- Exercise brief:
From the line containing "Aerial view of" to the line containing "Flexibles Tahitiperlarmband, dunkelgraue- grünliche" in the entries below, reproduce every line exactly, ends included. Nothing else belongs in the copy, and no pictures.
**** Stored data
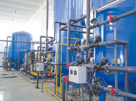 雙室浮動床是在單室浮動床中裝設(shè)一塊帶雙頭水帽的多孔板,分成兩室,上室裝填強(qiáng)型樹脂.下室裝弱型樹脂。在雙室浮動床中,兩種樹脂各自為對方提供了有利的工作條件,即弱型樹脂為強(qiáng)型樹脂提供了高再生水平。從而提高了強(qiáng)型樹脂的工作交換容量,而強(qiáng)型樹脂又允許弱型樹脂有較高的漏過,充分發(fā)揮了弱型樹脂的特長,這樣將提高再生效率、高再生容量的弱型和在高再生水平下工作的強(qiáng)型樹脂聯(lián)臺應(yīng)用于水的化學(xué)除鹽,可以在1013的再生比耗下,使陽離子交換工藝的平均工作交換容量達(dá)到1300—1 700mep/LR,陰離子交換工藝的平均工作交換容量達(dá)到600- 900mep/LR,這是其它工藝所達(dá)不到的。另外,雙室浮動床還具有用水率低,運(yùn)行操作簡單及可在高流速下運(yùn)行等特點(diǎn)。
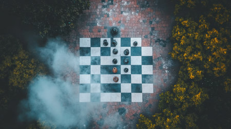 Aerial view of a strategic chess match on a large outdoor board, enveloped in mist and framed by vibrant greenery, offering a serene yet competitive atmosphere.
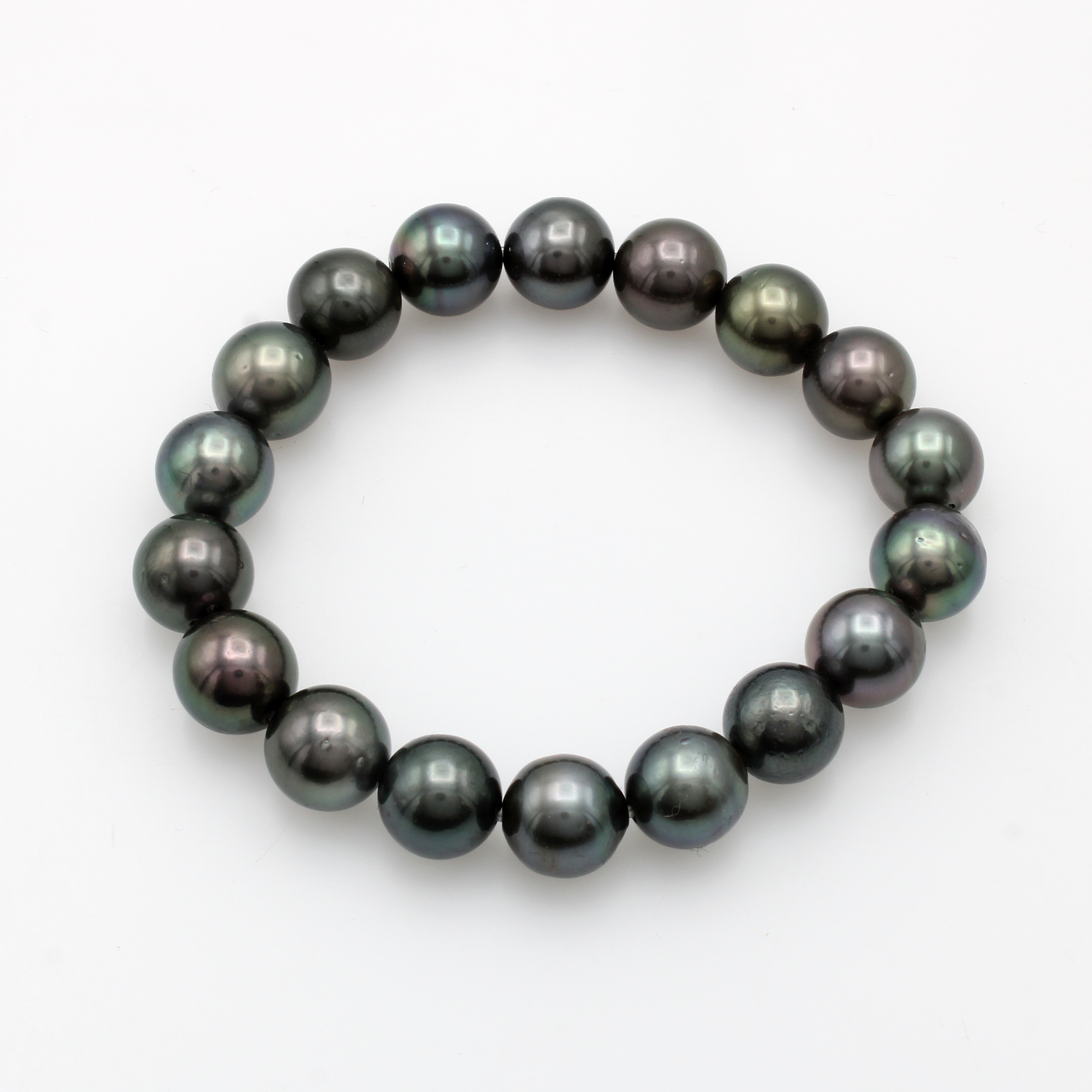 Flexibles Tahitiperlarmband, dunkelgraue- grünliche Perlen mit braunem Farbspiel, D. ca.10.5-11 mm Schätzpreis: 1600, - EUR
********
**** Stored data
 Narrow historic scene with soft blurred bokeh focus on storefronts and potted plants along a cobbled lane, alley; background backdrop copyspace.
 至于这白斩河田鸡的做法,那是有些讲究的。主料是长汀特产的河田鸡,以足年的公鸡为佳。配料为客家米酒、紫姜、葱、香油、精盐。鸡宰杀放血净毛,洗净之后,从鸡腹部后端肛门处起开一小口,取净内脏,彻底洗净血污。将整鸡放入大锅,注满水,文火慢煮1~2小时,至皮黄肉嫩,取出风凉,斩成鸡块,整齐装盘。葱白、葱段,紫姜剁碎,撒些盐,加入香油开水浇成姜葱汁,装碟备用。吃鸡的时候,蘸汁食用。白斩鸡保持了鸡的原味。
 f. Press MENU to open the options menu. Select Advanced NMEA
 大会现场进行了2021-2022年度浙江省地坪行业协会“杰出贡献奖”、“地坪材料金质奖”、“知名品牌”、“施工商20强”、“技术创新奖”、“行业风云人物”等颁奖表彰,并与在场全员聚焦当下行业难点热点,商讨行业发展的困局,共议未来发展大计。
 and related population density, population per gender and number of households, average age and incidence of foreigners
********
**** Stored data
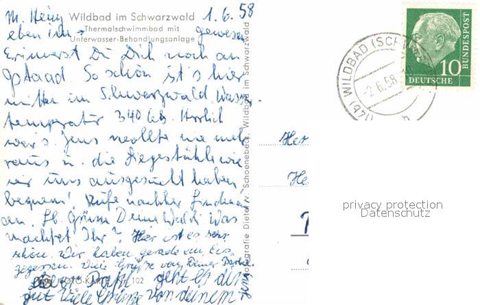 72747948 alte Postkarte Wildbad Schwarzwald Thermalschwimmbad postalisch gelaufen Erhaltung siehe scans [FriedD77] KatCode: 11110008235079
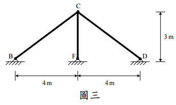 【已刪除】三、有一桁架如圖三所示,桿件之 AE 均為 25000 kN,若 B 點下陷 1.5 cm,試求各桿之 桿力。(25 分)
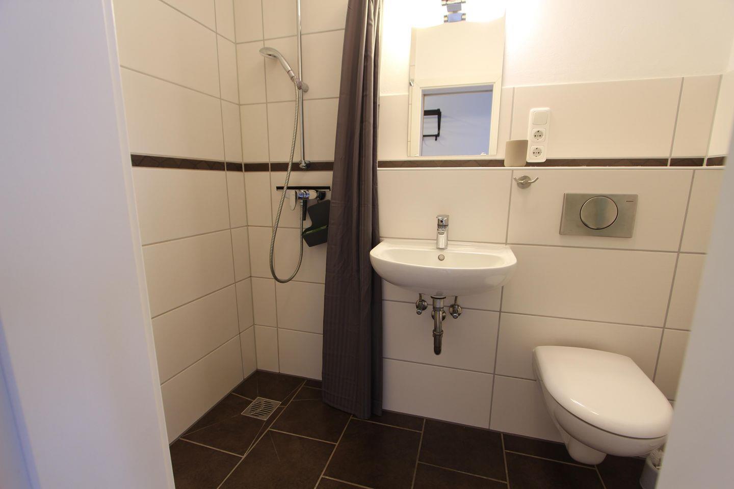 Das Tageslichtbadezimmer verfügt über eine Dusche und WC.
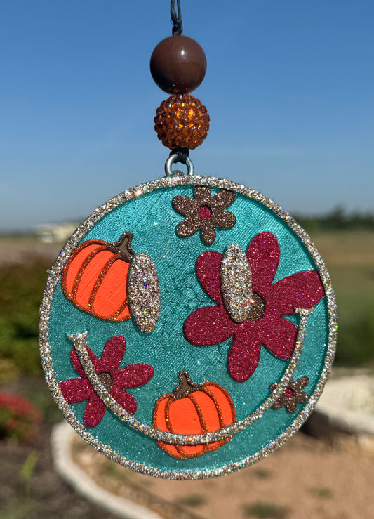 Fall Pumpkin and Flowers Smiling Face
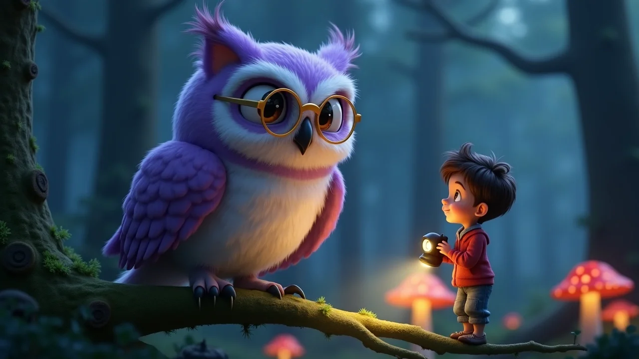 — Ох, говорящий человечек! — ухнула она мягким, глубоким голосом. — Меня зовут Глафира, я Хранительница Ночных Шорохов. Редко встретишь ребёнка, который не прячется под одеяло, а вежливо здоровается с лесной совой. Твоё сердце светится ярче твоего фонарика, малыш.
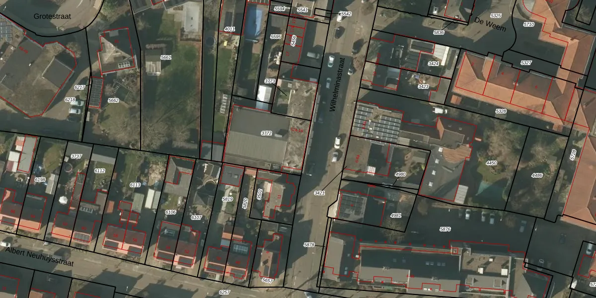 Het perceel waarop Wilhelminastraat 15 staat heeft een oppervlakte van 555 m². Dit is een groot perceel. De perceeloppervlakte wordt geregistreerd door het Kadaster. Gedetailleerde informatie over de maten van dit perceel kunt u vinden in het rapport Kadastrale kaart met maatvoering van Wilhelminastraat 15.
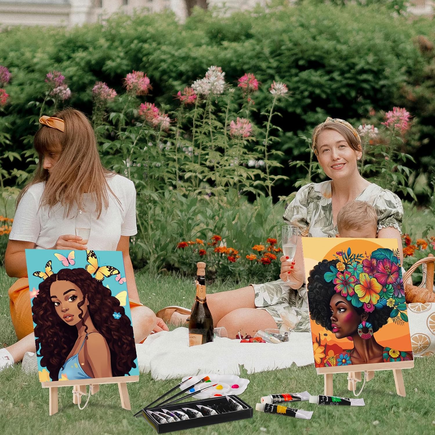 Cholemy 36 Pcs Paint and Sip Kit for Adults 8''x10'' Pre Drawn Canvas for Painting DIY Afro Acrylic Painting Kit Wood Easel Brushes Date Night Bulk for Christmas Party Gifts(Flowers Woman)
********
- Your solution:
 Aerial view of a strategic chess match on a large outdoor board, enveloped in mist and framed by vibrant greenery, offering a serene yet competitive atmosphere.
 Flexibles Tahitiperlarmband, dunkelgraue- grünliche Perlen mit braunem Farbspiel, D. ca.10.5-11 mm Schätzpreis: 1600, - EUR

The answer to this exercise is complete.